The Line Of Beauty author Alan Hollinghurst honoured with knighthood
He won the Booker Prize in 2004 for The Line Of Beauty, the first work of gay fiction to win the prestigious literary award.
British author Alan Hollinghurst said he is “delighted and deeply touched” to be awarded a knighthood in the New Year Honours list for services to literature.
The 70-year-old writer earned the Booker Prize with The Line Of Beauty in 2004, the first work of gay fiction to win the prestigious literary award.
He said in a statement to the PA news agency: “I’m delighted and deeply touched to be given this quite unexpected honour for doing something I have always loved doing: making up stories about the world I’ve inherited and tried to play my part in.
“I take it as a great encouragement to keep going”.
Sir Alan was born in Gloucestershire and went on to study at Magdalen College, Oxford, where he later became a lecturer, before moving to London.
The former Times Literary Supplement deputy editor’s first novel, 1988’s The Swimming-Pool Library, was a critical and awards success and dealt with being gay in an intimate detail, something that was rare at the time.
It would go on to win the 1989 Somerset Maugham Award and the 1991 Forster Award.
He then published The Folding Star, which was shortlisted for the Booker Prize and won the James Tait Black Memorial Prize for fiction, and The Spell, before writing 2004’s The Line Of Beauty.
His novel, set during the Margaret Thatcher years and framed by her 1983 and 1987 general election victories, was not seen as the favourite to win the Booker Prize in 2004 as Sir Alan recalled to the literary award’s website.
He said: “There was a quite strong expectation that (Cloud Atlas author) David Mitchell would win, and the TV cameramen, who of course know the outcome in advance, appeared to be gathered round his table; but then my name was read out, and they swivelled as one towards me.”

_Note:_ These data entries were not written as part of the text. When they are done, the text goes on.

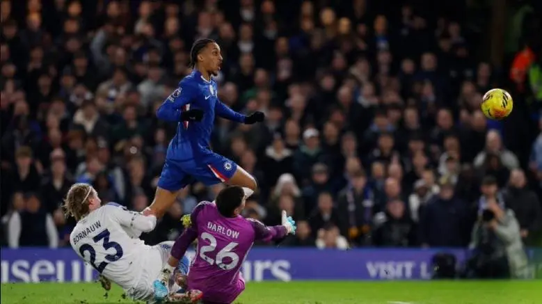 易边再战,切尔西攻势不减,第56分钟桑切斯开大脚,若昂佩德罗顺势杀入利兹联禁区,比约尔从身后伸手推了一下,若昂佩德罗顺势倒地,主裁判也给了蓝军一粒点球,帕尔默主罚的点球打出绝对死角,帮助切尔西把领先的优势扩大到了2球。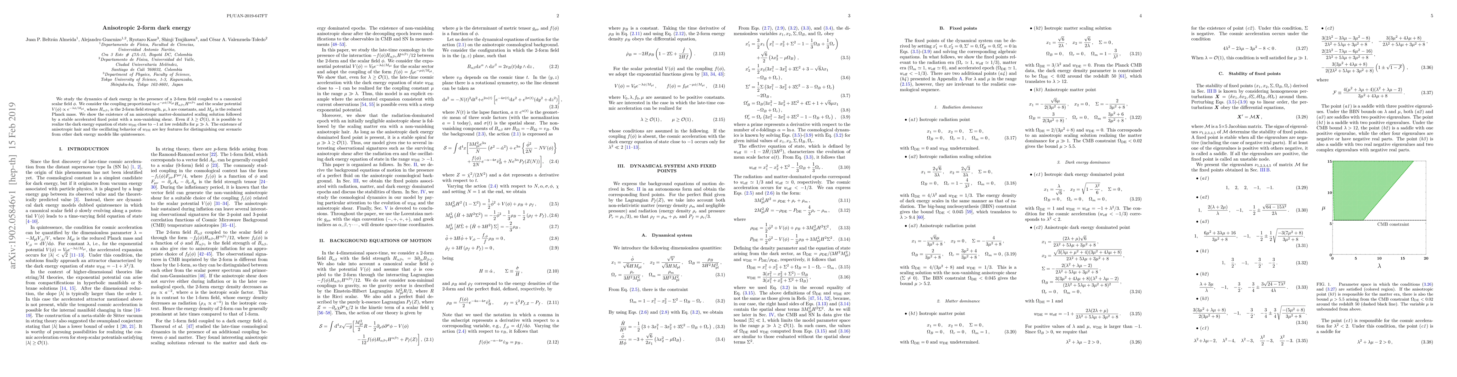 We study the dynamics of dark energy in the presence of a 2-form field coupled to a canonical scalar field $\phi$. We consider the coupling proportional to $e^{-\mu \phi/M_{\rm pl}} H_{\alpha \beta \gamma}H^{\alpha \beta \gamma}$ and the scalar potential $V(\phi) \propto e^{-\lambda \phi/M_{\rm pl}}$, where $H_{\alpha \beta \gamma}$ is the 2-form field strength, $\mu, \lambda$ are constants, and $M_{\rm pl}$ is the reduced Planck mass. We show the existence of an anisotropic matter-dominated scaling solution followed by a stable accelerated fixed point with a non-vanishing shear. Even if $\lambda \geq {\cal O}(1)$, it is possible to realize the dark energy equation of state $w_{\rm DE}$ close to $-1$ at low redshifts for $\mu \gg \lambda$. The existence of anisotropic hair and the oscillating behavior of $w_{\rm DE}$ are key features for distinguishing our scenario from other dark energy models like quintessence.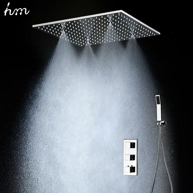 hm High Quality Thermostatic Shower System Set 20Inch Square Ceilling Massage Misty Rainfall Shower Head Faucet Chrome Polished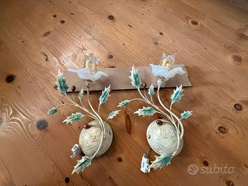 Vendo Applique da parete in metallo realizzato a mano con fiore in vetro di Murano. Si è leggermente tolta un po' di verniciatura sulla fogliolina.( come da foto). Altezza 35cm - larg 15 cm.

His book is about Nick Guest, a young aesthete and Oxford graduate who moves into the London home of his university friend, Toby Fedden, the son of a rising Conservative MP.

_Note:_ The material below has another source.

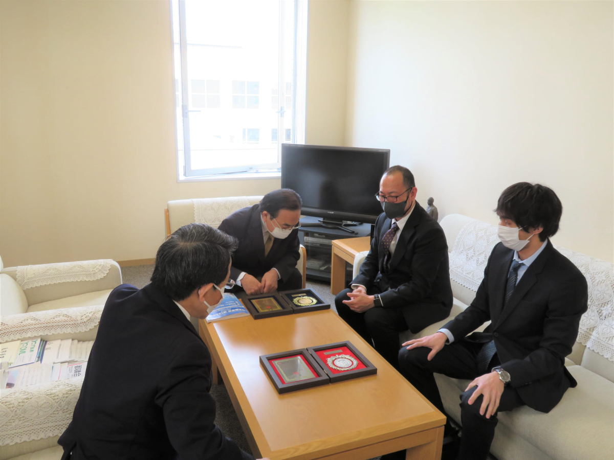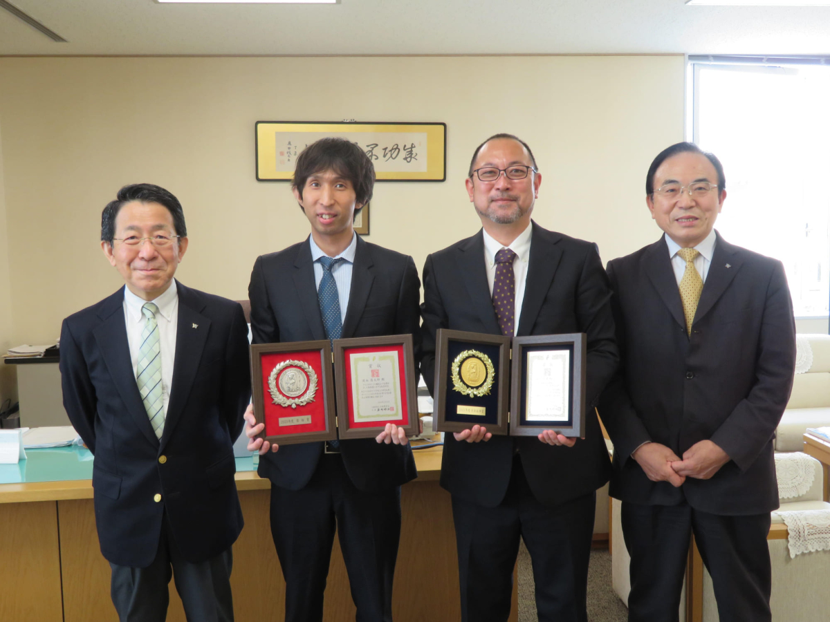 山中正道教授(薬化学研究室)が学術振興賞(第1A 部門)、道永昌太郎講師(薬効学研究室)が奨励賞を受賞し、2023年3月25日~28日に北海道大学にて開催された日本薬学会第143年会にて楯が授与されました。佐川賢一理事長、越前宏俊学長に受賞の報告を行いました。

This brings Nick into a world of privilege, with him meeting Baroness Thatcher at a party while high on cocaine, as it chronicles the spread of Aids and the hero’s sexual conquests.
In 2006, Pride And Prejudice screenwriter Andrew Davies brought the novel to the small screen with a BBC adaptation starring Downton Abbey actor Dan Stevens as Nick and Blackadder star Tim McInnerny as Toby’s father Gerald Fedden.

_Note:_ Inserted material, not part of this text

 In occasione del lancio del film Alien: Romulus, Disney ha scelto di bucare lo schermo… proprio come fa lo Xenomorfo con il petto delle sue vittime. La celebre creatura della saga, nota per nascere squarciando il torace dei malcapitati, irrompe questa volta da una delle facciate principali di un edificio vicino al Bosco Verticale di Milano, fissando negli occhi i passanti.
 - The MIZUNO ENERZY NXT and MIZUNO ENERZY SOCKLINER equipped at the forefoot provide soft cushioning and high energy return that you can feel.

Sir Alan has gone on to follow up the book with The Stranger’s Child, dealing with gay themes during the First World War, which made the Booker longlist, won the French literary prize Prix du Meilleur Livre Etranger and was shortlisted for the Walter Scott Prize.
His recent books, The Sparsholt Affair in 2017 and Our Evenings in 2024, also deal with gay and class themes.
In 2009, Sir Alan was among 10 high-profile gay people, including Sir Elton John, to be invited by the National Portrait Gallery to choose individuals who had inspired them for a specially created exhibition.
He chose the writer Ronald Firbank, who died in May 1926 and wrote about sexuality and class.
Sir Alan was elected to the Royal Society of Literature in 1995 and was made an honorary fellow by Magdalen College in 2013.